## WORKING DATA
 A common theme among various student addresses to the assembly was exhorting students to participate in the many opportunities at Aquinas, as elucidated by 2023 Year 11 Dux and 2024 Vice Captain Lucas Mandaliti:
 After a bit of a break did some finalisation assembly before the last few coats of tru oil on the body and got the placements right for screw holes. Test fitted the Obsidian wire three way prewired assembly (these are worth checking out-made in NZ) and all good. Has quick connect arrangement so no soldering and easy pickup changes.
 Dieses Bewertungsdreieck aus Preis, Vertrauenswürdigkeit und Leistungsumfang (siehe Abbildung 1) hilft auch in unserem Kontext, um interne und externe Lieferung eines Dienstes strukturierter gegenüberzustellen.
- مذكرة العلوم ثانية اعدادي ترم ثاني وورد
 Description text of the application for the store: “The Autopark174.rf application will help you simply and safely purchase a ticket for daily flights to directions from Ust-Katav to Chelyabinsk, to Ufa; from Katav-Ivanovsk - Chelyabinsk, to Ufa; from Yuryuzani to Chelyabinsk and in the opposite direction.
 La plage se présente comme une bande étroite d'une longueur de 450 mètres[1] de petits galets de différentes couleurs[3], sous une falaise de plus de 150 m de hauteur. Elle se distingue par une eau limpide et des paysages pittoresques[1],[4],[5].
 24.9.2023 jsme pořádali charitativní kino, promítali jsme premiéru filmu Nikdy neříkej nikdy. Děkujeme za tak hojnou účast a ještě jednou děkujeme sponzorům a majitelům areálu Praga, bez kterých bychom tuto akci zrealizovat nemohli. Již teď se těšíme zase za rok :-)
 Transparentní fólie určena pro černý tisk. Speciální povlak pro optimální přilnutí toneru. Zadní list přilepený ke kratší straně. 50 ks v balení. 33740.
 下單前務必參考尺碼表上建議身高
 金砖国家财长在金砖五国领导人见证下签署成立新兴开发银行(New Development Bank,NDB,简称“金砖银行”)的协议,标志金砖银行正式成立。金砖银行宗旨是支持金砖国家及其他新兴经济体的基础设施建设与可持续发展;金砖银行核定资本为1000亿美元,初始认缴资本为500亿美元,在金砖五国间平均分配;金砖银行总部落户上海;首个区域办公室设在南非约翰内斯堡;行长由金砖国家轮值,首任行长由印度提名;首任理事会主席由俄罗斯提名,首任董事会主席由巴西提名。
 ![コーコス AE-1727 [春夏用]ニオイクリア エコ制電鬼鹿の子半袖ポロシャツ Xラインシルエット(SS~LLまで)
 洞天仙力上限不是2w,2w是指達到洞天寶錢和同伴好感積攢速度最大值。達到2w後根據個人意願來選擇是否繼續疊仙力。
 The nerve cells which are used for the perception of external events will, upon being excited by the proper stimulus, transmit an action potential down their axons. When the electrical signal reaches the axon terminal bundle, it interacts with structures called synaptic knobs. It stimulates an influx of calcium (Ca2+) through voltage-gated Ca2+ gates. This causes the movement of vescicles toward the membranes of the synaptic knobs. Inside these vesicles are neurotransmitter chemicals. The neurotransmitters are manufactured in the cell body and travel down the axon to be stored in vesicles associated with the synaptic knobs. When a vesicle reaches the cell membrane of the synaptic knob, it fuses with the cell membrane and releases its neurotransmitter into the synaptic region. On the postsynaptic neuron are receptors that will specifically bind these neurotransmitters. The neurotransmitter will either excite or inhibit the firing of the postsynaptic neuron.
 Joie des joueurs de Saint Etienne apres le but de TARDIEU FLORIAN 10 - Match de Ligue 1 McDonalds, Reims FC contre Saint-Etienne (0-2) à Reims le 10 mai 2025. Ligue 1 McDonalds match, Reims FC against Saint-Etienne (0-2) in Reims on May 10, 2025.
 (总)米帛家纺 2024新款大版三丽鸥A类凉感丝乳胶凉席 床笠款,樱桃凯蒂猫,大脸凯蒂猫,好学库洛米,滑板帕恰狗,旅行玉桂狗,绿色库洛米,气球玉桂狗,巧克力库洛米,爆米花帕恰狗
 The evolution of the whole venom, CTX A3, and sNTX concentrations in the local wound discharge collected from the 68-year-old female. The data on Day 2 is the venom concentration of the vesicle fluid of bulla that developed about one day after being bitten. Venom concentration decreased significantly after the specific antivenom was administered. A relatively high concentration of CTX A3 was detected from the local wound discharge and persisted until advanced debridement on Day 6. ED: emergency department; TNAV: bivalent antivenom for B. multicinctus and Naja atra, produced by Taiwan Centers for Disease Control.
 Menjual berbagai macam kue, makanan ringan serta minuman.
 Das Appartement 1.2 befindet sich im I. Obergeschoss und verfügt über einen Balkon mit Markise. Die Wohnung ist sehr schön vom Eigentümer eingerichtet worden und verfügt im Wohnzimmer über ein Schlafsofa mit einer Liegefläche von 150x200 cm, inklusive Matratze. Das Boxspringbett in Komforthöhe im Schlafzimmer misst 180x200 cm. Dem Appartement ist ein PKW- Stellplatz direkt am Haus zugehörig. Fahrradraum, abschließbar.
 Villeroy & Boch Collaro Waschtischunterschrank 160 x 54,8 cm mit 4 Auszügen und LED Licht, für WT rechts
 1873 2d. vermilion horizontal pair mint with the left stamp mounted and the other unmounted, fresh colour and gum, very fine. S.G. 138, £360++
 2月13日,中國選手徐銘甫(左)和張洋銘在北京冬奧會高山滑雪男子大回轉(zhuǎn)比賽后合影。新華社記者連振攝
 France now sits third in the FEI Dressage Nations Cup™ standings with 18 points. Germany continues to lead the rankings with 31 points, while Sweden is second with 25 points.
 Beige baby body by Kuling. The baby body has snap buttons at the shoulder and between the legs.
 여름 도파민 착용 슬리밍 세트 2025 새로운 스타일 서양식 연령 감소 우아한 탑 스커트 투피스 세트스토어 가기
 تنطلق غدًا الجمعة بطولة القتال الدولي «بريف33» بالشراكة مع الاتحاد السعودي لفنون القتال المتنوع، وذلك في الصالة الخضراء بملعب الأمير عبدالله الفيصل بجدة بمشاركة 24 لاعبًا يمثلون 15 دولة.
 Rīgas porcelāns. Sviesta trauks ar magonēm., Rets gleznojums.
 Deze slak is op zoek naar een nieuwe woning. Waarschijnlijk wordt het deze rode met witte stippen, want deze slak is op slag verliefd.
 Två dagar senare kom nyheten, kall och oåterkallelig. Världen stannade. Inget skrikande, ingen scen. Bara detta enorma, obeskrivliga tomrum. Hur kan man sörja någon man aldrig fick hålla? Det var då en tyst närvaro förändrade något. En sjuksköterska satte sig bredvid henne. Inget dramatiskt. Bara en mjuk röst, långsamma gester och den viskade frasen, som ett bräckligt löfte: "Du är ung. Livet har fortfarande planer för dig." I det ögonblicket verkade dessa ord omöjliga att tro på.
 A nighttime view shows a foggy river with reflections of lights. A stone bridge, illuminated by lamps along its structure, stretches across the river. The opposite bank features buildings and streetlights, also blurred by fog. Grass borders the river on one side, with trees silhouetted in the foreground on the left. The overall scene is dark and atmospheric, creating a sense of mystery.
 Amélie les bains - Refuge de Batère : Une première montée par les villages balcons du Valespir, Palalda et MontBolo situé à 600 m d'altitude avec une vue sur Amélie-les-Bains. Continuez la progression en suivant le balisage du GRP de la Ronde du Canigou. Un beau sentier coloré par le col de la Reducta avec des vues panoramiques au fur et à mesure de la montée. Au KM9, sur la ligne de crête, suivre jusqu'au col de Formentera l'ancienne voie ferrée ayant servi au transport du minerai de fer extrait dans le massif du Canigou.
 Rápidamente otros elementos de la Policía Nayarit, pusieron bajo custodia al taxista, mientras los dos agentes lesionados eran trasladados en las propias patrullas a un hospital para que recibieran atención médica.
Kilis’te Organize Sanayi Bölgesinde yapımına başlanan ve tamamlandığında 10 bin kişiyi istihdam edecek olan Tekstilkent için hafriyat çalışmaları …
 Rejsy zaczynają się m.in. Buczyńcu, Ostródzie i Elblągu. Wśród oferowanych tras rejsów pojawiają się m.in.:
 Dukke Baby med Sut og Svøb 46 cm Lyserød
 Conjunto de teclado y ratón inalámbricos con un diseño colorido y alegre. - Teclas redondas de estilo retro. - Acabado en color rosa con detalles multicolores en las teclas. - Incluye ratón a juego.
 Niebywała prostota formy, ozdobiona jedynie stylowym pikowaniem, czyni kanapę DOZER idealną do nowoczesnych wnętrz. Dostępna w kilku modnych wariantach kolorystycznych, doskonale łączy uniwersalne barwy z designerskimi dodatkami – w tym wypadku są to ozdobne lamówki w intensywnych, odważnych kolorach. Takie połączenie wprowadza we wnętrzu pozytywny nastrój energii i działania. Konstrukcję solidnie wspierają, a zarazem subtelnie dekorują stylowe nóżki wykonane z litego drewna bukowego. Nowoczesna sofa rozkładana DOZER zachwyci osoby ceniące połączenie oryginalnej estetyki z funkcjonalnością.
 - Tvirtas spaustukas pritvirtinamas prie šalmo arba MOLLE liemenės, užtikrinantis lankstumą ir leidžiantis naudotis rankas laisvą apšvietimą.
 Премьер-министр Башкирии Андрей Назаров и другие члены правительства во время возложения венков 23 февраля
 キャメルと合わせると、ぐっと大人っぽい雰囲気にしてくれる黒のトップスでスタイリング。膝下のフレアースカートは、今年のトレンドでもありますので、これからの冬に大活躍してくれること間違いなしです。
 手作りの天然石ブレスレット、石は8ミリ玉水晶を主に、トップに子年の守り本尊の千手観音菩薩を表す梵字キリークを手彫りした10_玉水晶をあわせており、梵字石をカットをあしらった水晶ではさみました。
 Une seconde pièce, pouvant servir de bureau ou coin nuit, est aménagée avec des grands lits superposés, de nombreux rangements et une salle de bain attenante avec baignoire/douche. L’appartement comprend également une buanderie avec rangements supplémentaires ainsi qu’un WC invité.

## WORK ORDER
Of all the entries above, retype exactly the lines from the line with "A nighttime view" to the line with "Conjunto de teclado", both included, and no others.

## THE ANSWER
 A nighttime view shows a foggy river with reflections of lights. A stone bridge, illuminated by lamps along its structure, stretches across the river. The opposite bank features buildings and streetlights, also blurred by fog. Grass borders the river on one side, with trees silhouetted in the foreground on the left. The overall scene is dark and atmospheric, creating a sense of mystery.
 Amélie les bains - Refuge de Batère : Une première montée par les villages balcons du Valespir, Palalda et MontBolo situé à 600 m d'altitude avec une vue sur Amélie-les-Bains. Continuez la progression en suivant le balisage du GRP de la Ronde du Canigou. Un beau sentier coloré par le col de la Reducta avec des vues panoramiques au fur et à mesure de la montée. Au KM9, sur la ligne de crête, suivre jusqu'au col de Formentera l'ancienne voie ferrée ayant servi au transport du minerai de fer extrait dans le massif du Canigou.
 Rápidamente otros elementos de la Policía Nayarit, pusieron bajo custodia al taxista, mientras los dos agentes lesionados eran trasladados en las propias patrullas a un hospital para que recibieran atención médica.
Kilis’te Organize Sanayi Bölgesinde yapımına başlanan ve tamamlandığında 10 bin kişiyi istihdam edecek olan Tekstilkent için hafriyat çalışmaları …
 Rejsy zaczynają się m.in. Buczyńcu, Ostródzie i Elblągu. Wśród oferowanych tras rejsów pojawiają się m.in.:
 Dukke Baby med Sut og Svøb 46 cm Lyserød
 Conjunto de teclado y ratón inalámbricos con un diseño colorido y alegre. - Teclas redondas de estilo retro. - Acabado en color rosa con detalles multicolores en las teclas. - Incluye ratón a juego.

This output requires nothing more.